§ **WORK ITEM**
Print every entry exactly as it appears, but skip the pictures.

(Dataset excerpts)

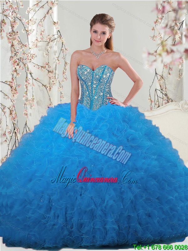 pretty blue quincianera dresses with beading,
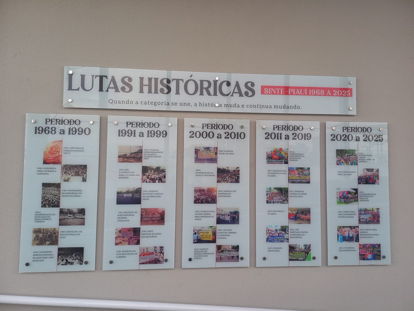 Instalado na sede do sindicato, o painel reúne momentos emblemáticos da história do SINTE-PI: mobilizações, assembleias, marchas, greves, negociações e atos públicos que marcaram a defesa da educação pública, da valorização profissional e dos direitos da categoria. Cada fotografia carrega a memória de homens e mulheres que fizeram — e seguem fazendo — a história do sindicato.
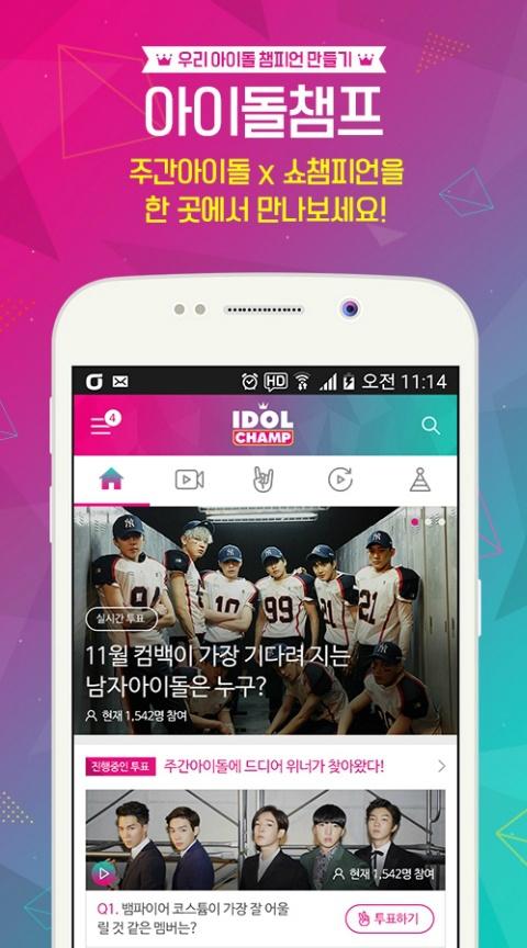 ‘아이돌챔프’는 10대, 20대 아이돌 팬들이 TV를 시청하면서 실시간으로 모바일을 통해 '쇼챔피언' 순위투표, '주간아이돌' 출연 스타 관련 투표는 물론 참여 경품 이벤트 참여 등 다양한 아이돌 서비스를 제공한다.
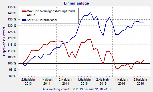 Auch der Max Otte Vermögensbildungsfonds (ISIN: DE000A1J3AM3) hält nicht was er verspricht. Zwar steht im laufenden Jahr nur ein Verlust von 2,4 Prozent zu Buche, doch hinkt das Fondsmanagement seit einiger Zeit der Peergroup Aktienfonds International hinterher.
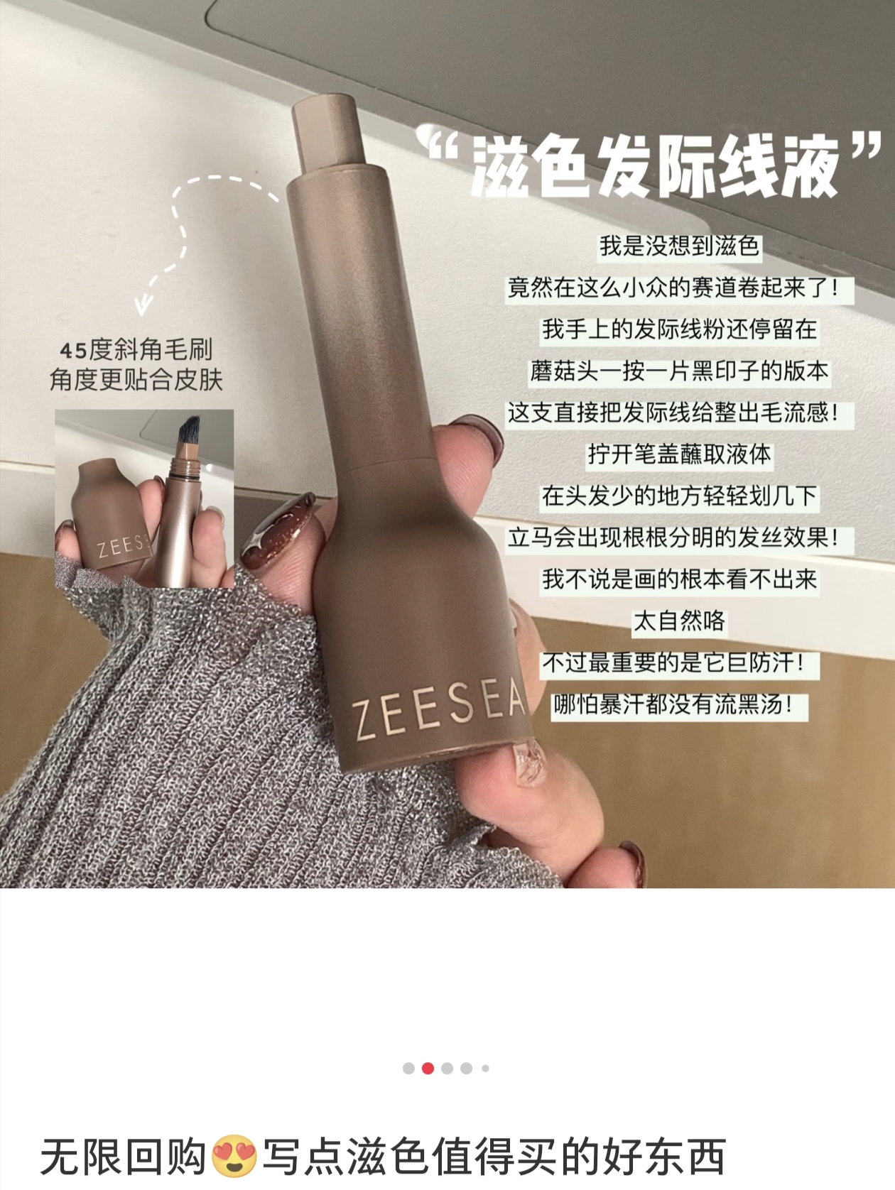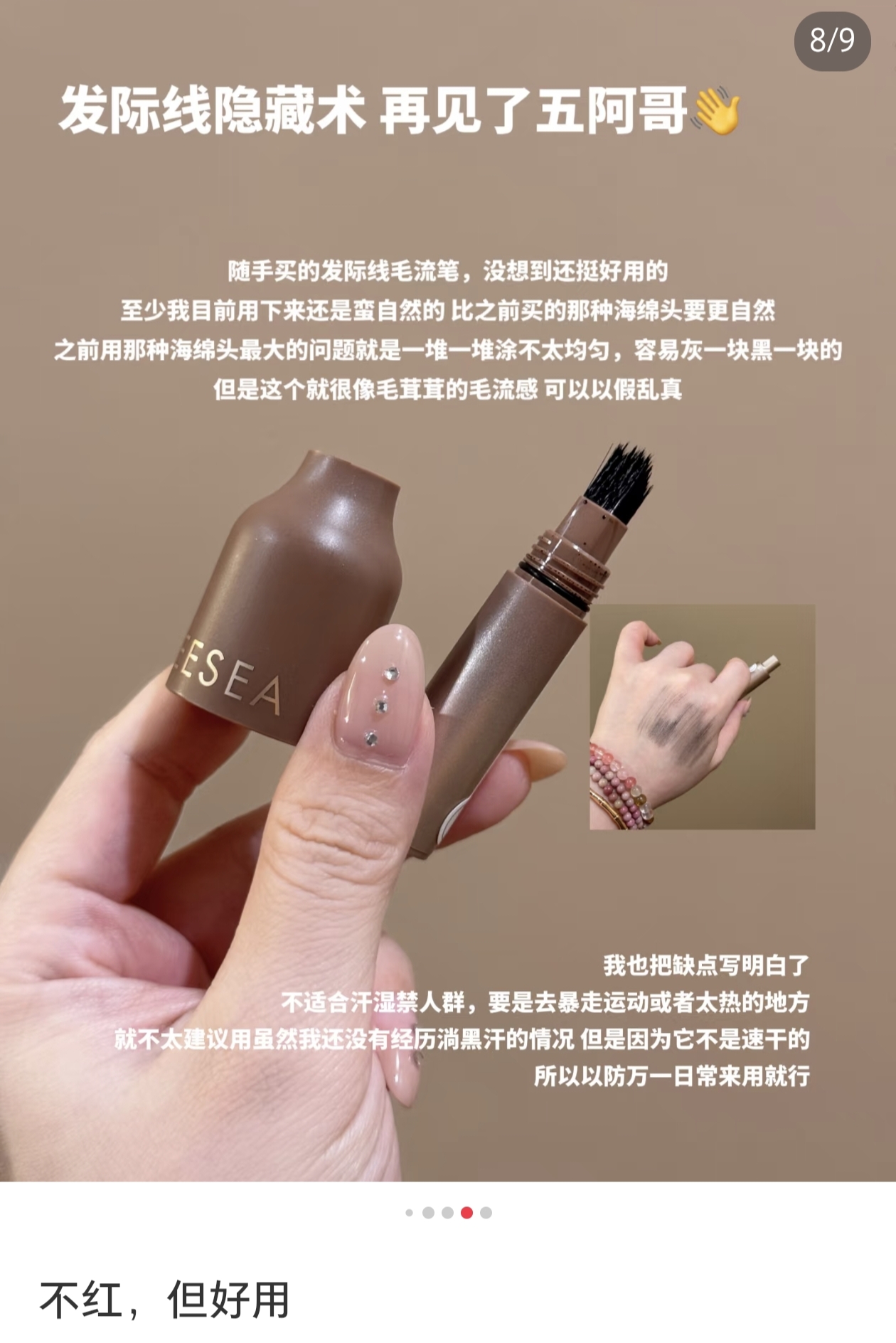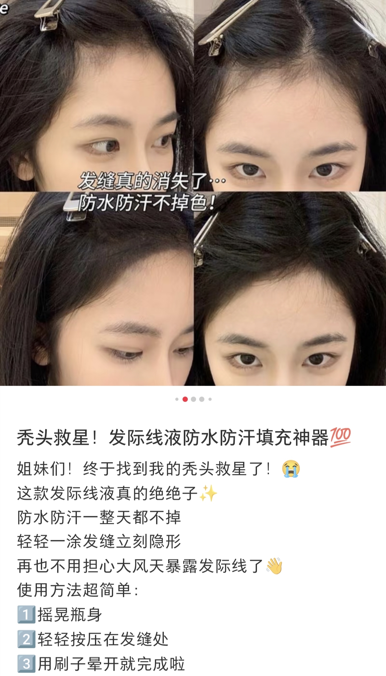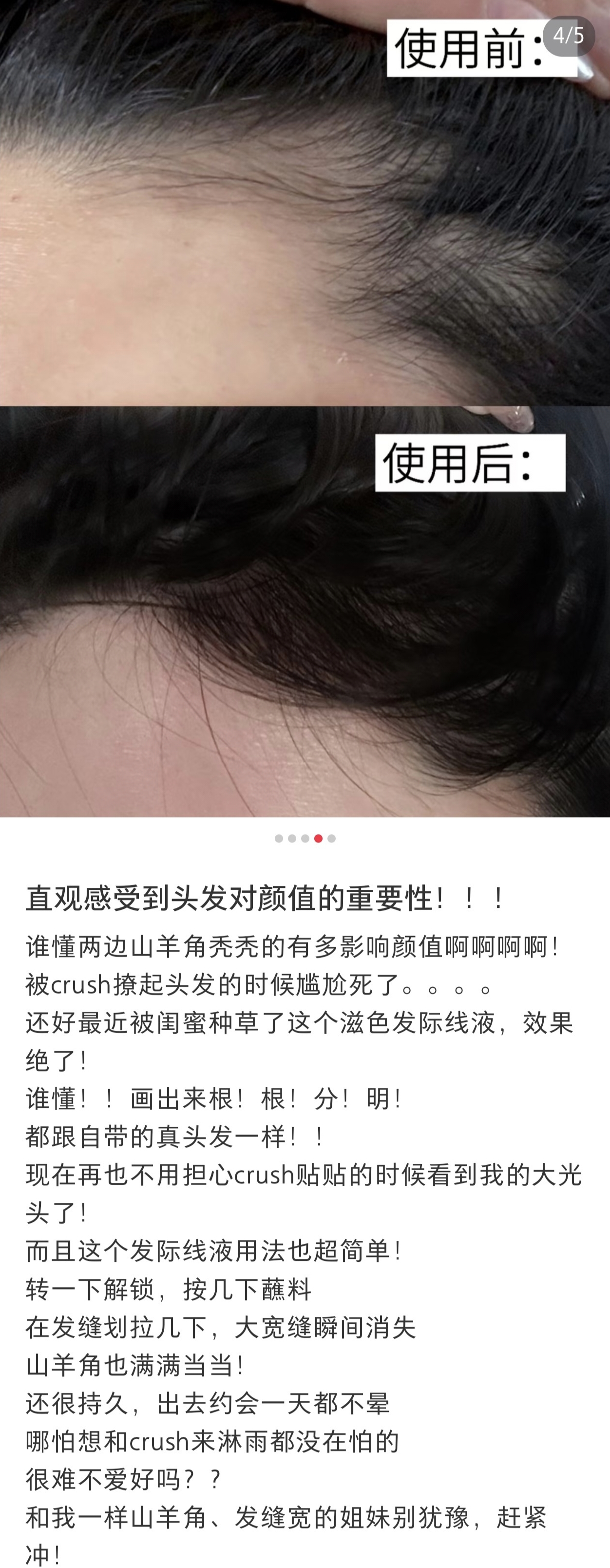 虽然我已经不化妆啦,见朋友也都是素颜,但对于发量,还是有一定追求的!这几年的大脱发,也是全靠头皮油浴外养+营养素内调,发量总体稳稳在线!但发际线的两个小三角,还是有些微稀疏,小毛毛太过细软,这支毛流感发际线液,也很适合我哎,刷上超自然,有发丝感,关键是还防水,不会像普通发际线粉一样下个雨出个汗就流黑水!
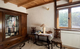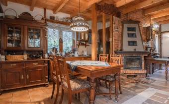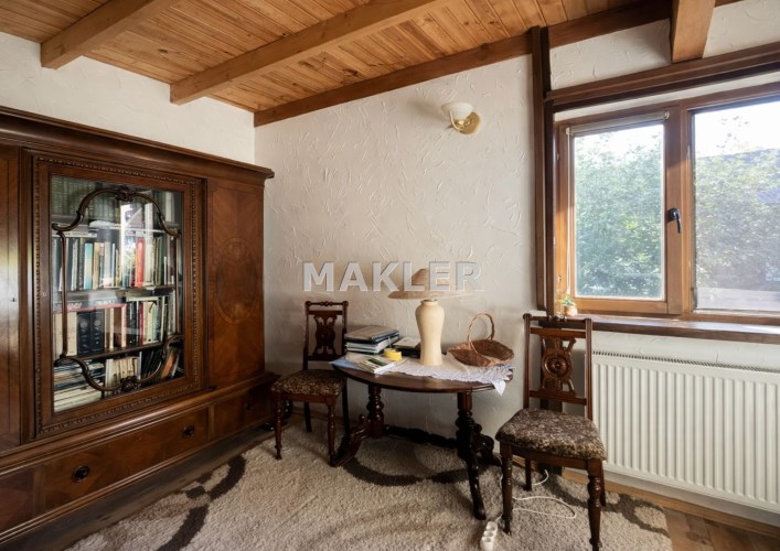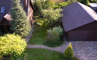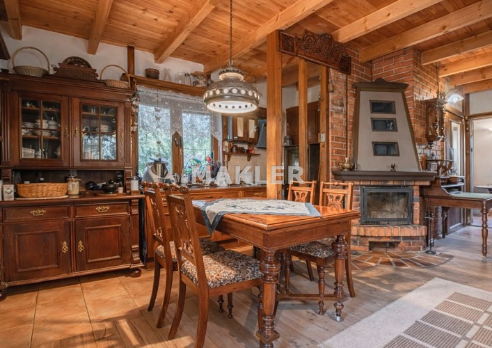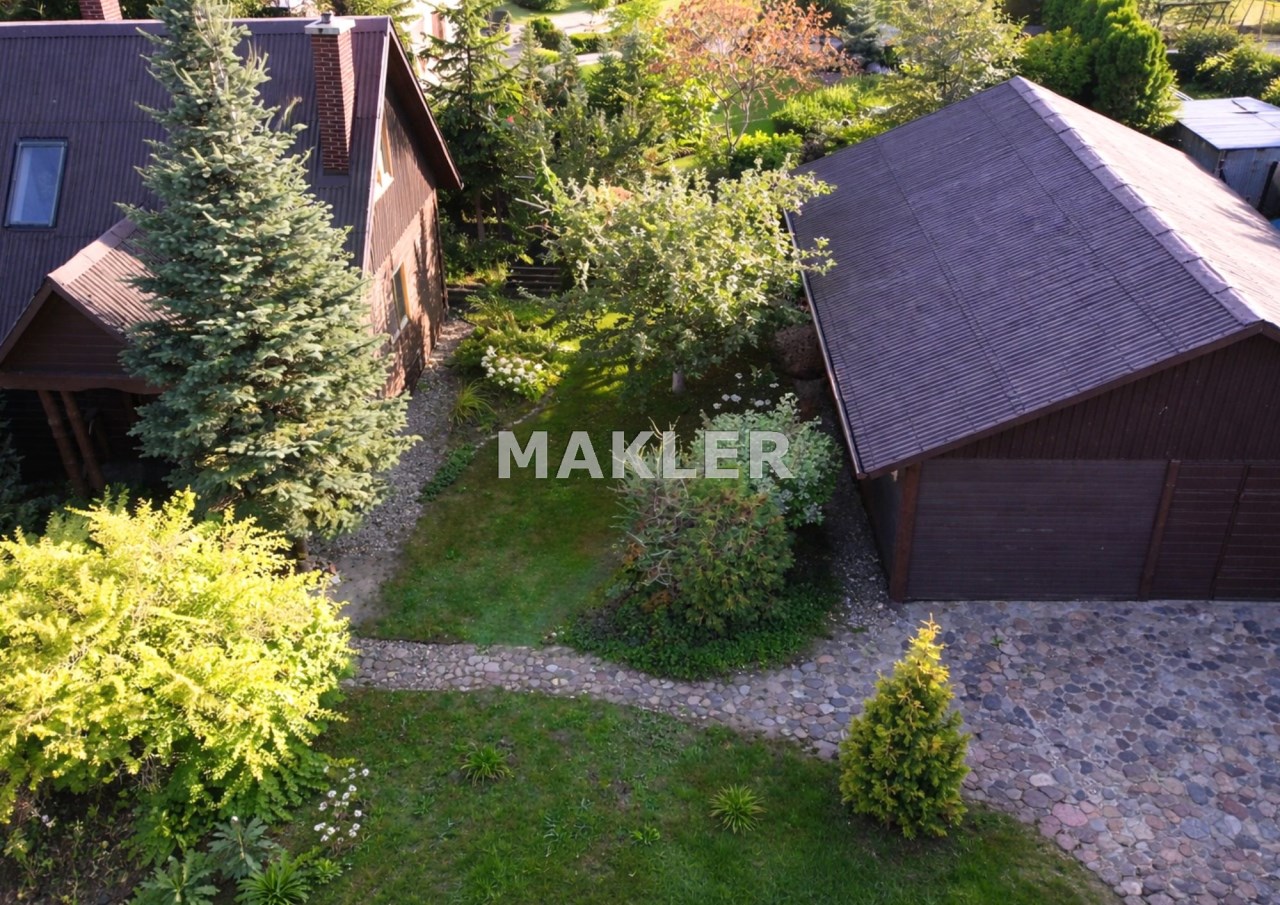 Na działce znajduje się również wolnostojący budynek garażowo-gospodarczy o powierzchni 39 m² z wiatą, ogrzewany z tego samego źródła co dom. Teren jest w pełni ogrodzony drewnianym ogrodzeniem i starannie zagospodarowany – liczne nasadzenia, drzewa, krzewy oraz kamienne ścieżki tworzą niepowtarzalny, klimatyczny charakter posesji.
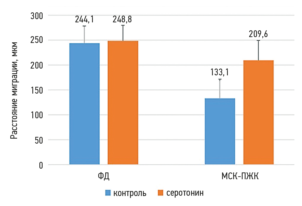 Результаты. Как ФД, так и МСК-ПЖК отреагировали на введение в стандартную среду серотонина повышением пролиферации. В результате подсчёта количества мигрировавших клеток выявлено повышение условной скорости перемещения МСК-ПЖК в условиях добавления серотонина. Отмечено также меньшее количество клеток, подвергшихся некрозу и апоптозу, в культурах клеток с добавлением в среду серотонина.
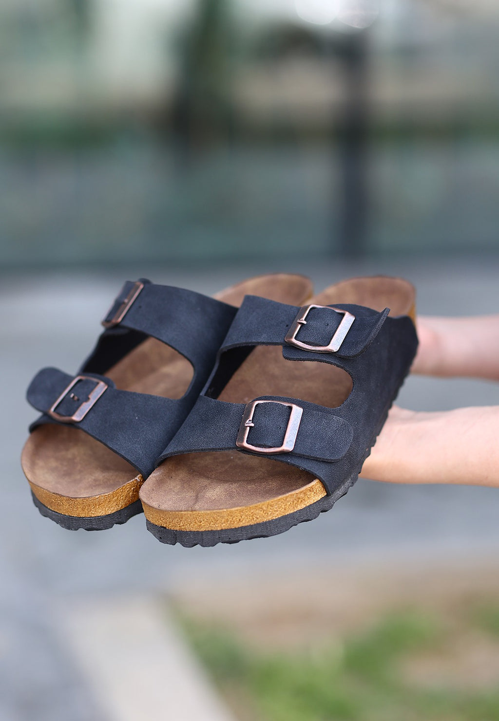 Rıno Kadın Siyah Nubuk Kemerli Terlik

§ **EXERCISE RESPONSE**
 pretty blue quincianera dresses with beading,
 Instalado na sede do sindicato, o painel reúne momentos emblemáticos da história do SINTE-PI: mobilizações, assembleias, marchas, greves, negociações e atos públicos que marcaram a defesa da educação pública, da valorização profissional e dos direitos da categoria. Cada fotografia carrega a memória de homens e mulheres que fizeram — e seguem fazendo — a história do sindicato.
 ‘아이돌챔프’는 10대, 20대 아이돌 팬들이 TV를 시청하면서 실시간으로 모바일을 통해 '쇼챔피언' 순위투표, '주간아이돌' 출연 스타 관련 투표는 물론 참여 경품 이벤트 참여 등 다양한 아이돌 서비스를 제공한다.
 Auch der Max Otte Vermögensbildungsfonds (ISIN: DE000A1J3AM3) hält nicht was er verspricht. Zwar steht im laufenden Jahr nur ein Verlust von 2,4 Prozent zu Buche, doch hinkt das Fondsmanagement seit einiger Zeit der Peergroup Aktienfonds International hinterher.
 虽然我已经不化妆啦,见朋友也都是素颜,但对于发量,还是有一定追求的!这几年的大脱发,也是全靠头皮油浴外养+营养素内调,发量总体稳稳在线!但发际线的两个小三角,还是有些微稀疏,小毛毛太过细软,这支毛流感发际线液,也很适合我哎,刷上超自然,有发丝感,关键是还防水,不会像普通发际线粉一样下个雨出个汗就流黑水!
 Na działce znajduje się również wolnostojący budynek garażowo-gospodarczy o powierzchni 39 m² z wiatą, ogrzewany z tego samego źródła co dom. Teren jest w pełni ogrodzony drewnianym ogrodzeniem i starannie zagospodarowany – liczne nasadzenia, drzewa, krzewy oraz kamienne ścieżki tworzą niepowtarzalny, klimatyczny charakter posesji.
 Результаты. Как ФД, так и МСК-ПЖК отреагировали на введение в стандартную среду серотонина повышением пролиферации. В результате подсчёта количества мигрировавших клеток выявлено повышение условной скорости перемещения МСК-ПЖК в условиях добавления серотонина. Отмечено также меньшее количество клеток, подвергшихся некрозу и апоптозу, в культурах клеток с добавлением в среду серотонина.
 Rıno Kadın Siyah Nubuk Kemerli Terlik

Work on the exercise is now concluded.